Akşam olup hava kararınca dağların ardından küçük bir eve gelmiş. Kapısını çalmış, açan olmamış. Cesaretini toplayıp içeri girmiş. İçeride üzeri yenmeye hazır yiyeceklerle dolu yedi küçük tabağın bulunduğu yedi küçük sandalye ile uzun bir masa varmış. Duvarın dibinde de yedi yatak diziliymiş. Beklemiş, beklemiş ama kimsecikler gelmemiş. Çok aç ve çok yorgun olduğu için daha fazla bekleyememiş ve her tabaktan bir kaşık yemek almış, yedi yataktan yedincisine yatıp uykuya dalmış. Biraz sonra evin sahipleri eve dönmüşler. Dağların derinliklerinde bulunan bir gümüş madeninde çalışan yedi cücelermiş bunlar. Pamuk prensesi görünce, ‘’Ne kadar güzel bir kız!’’ demişler.

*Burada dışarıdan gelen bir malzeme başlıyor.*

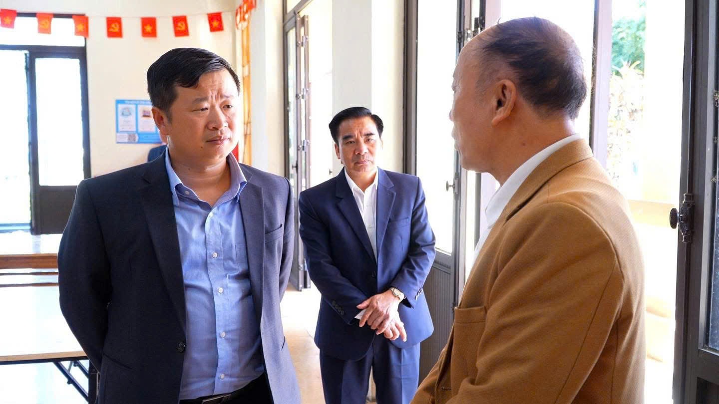 Bí thư Đảng ủy, Chủ tịch HĐND, Chủ tịch Ủy ban bầu cử xã Dân Hòa Mai Xuân Trường kiểm tra công tác chuẩn bị bầu cử các thôn. Ảnh: Phong Đỗ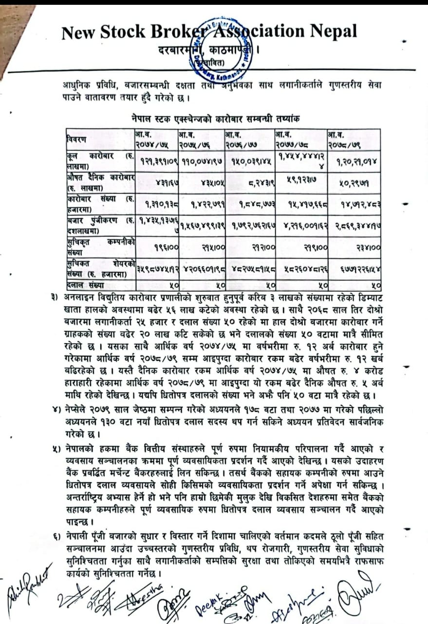 नियामक निकायबाट भएको सकारात्मक विकासलाई समेत नकारात्मक ढंगबाट व्याख्या गर्दै आफ्नो सिन्डिकेट एवं एकाधिकार कायम हुनुपर्छ भन्ने संकुचित मानसिकताका साथ पूँजी बजारमा संलग्न धितोपत्र दलाल व्यवसायीहरुको संगठन स्टक ब्रोकर्स एसोसिएसन अफ नेपालले भ्रामक, कपोलकल्पित, आधारहीन विज्ञप्ति जारी गरेको नयाँ सेयर ब्रोकरहरुले बताएका छन् ।

عصر که هوا تاریک شد به خانه کوچکی در پشت کوه رسید. در خانه را زد، اما کسی در را باز نکرد. جراتش را جمع کرد و وارد شد. داخل یک میز دراز با هفت صندلی کوچک و هفت بشقاب کوچک پر از غذای آماده خوردن بود. پای دیوار هفت تخت بود. منتظر ماند و منتظر ماند، اما کسی نیامد. چون خیلی گرسنه بود و خیلی خسته بود، دیگر نمی توانست صبر کند و از هر بشقاب یک قاشق غذا برداشت و روی هفتمین تخت از هفت تخت دراز کشید و خوابش برد. پس از مدتی صاحبان خانه به خانه بازگشتند. آنها هفت کوتوله بودند که در معدن نقره در اعماق کوه کار می کردند. وقتی سفید برفی را دیدند گفتند: چه دختر زیبایی!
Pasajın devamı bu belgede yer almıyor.